Now, the equilibrium expression for the dissociation of HIn is as follows: \[\frac{[In⁻]}{[HIn]} = \frac{1.0 \times 10^{-9}}{[H⁺]}\] We can rearrange this expression: \([H⁺] = \frac{[HIn]}{[In⁻]} \times (1.0 \times 10^{-9})\) Since the solution is titrated with NaOH, the OH⁻ ions created from NaOH will react with H₂In⁺ to form HIn and water. When the molar concentration of In⁻ equals that of HIn, the system will display a greenish-yellow color.
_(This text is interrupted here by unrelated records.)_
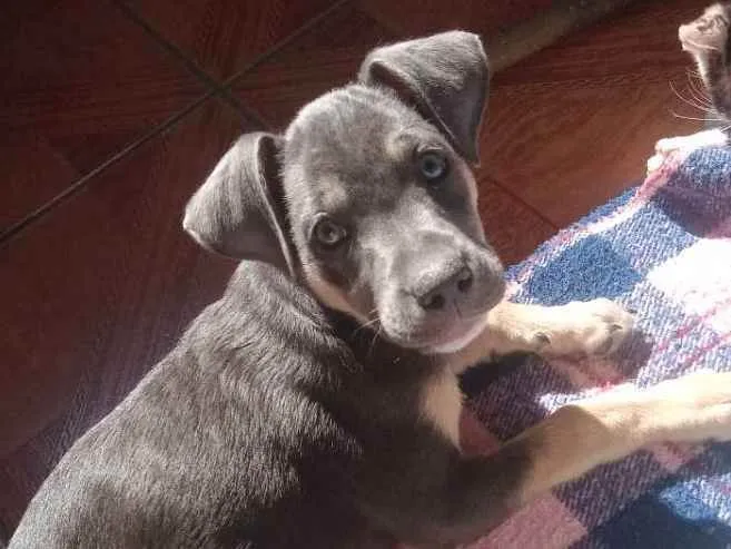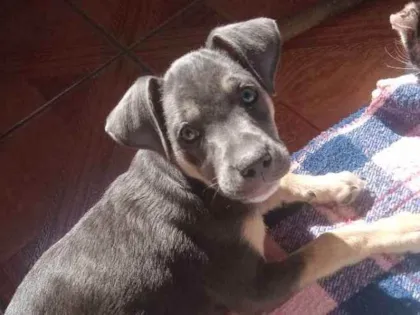 Estou doando essa linda cachorra fêmea, ela é mistura de vira lata com Pitbull, ela está com 3 meses nasceu em 31/03.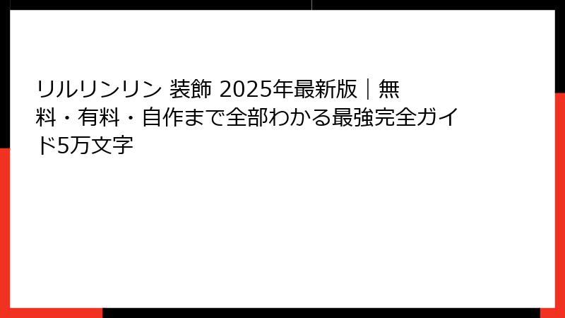 2025年最新|リルリンリン装飾素材 無料・有料 完全まとめ50選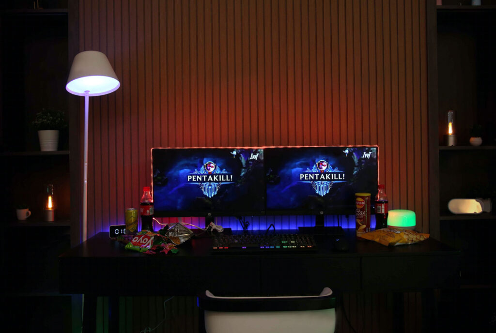 Players want to be immersed in the game’s world and experience its mood while they play. The use of RGB colored light in lighting design applications is best for generating a cool ambiance. Cool colors like blue, green, and purple should be used when creating a cool vibe. And if you look at the luminaires, you’ll see that gaming rooms tend to be decorated with a lot of light strips. This is because light strips’ linear impact might amplify the feeling of modernity. In addition, to establish the ambiance, gaming room light fixtures often include colored light strips behind the monitor.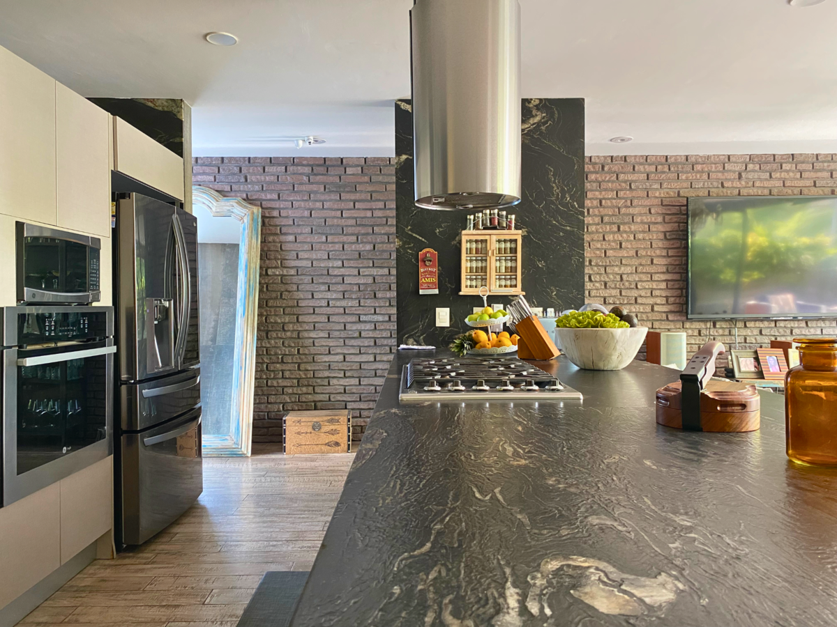 La cocina es abierta y está completamente equipada con los mejores electrodomésticos. Frigorífico General Electric, Enfriador de vinos, cafetera empotrada, estufa VIKING de 6 fuegos, horno y microondas. El sueño de cualquier amante de la alta gastronomía.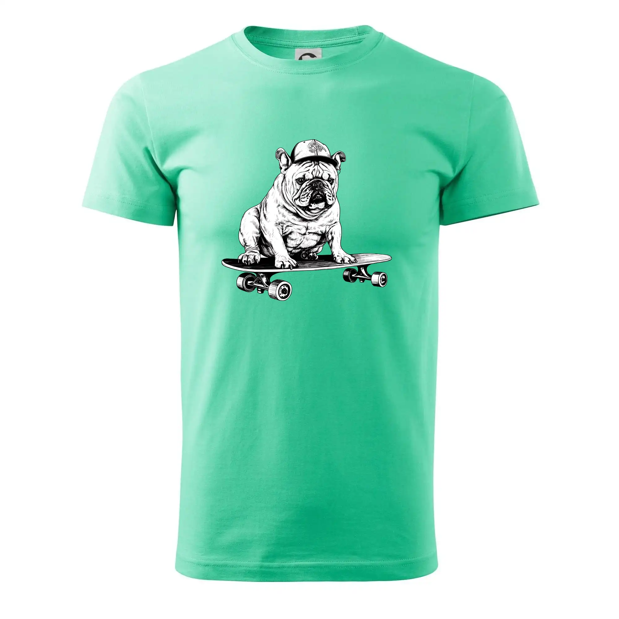 Čiernobiely buldog na skateboarde

Thus, if we want to find out the pH at which the color change occurs, we can set \([HIn] = [In⁻]\) and calculate the H⁺ concentration: \([H⁺] = \frac{1 \times (1.0 \times 10^{-9})}{1}\) \([H⁺] = 1.0 \times 10^{-9} \: M\) Now, we can calculate the pH: \(pH = -\log{[H⁺]}\) \(pH = -\log{(1.0 \times 10^{-9})}\) \(pH = 9\) Answer (b): The color change from yellow to greenish-yellow occurs at a pH of 9.

The initial volume is 100.0 mL of 0.10 M HCl, which means there are 0.01 mol of HCl. When we add the 200.0 mL of 0.10 M NaOH, it results in 0.02 mol of NaOH. By stoichiometry of the reaction between HCl and NaOH, one mole of each reactant yields one mole of each product: HCl + NaOH → NaCl + H₂O Since there is more NaOH than HCl, there will be an excess of 0.01 mol NaOH present in the solution. The pOH of the final solution can be calculated by dividing the excess moles of NaOH by the total volume of the solution (100 mL + 200 mL): \(pOH = -\log{\frac{0.01\: mol\: NaOH}{(100 + 200)\: mL\: solution}}\) \(pOH = -\log{\frac{0.01}{0.3}}\) \(pOH = 1.48\) Now let's calculate the pH: \(pH = 14 - pOH = 14 - 1.48 = 12.52\) Since the pH is above 9, which was the color-change transition value, the solution will have a blue color due to the high concentration of In⁻ ions in the solution. Answer (c): The color of the solution after adding 200.0 mL of NaOH will be blue.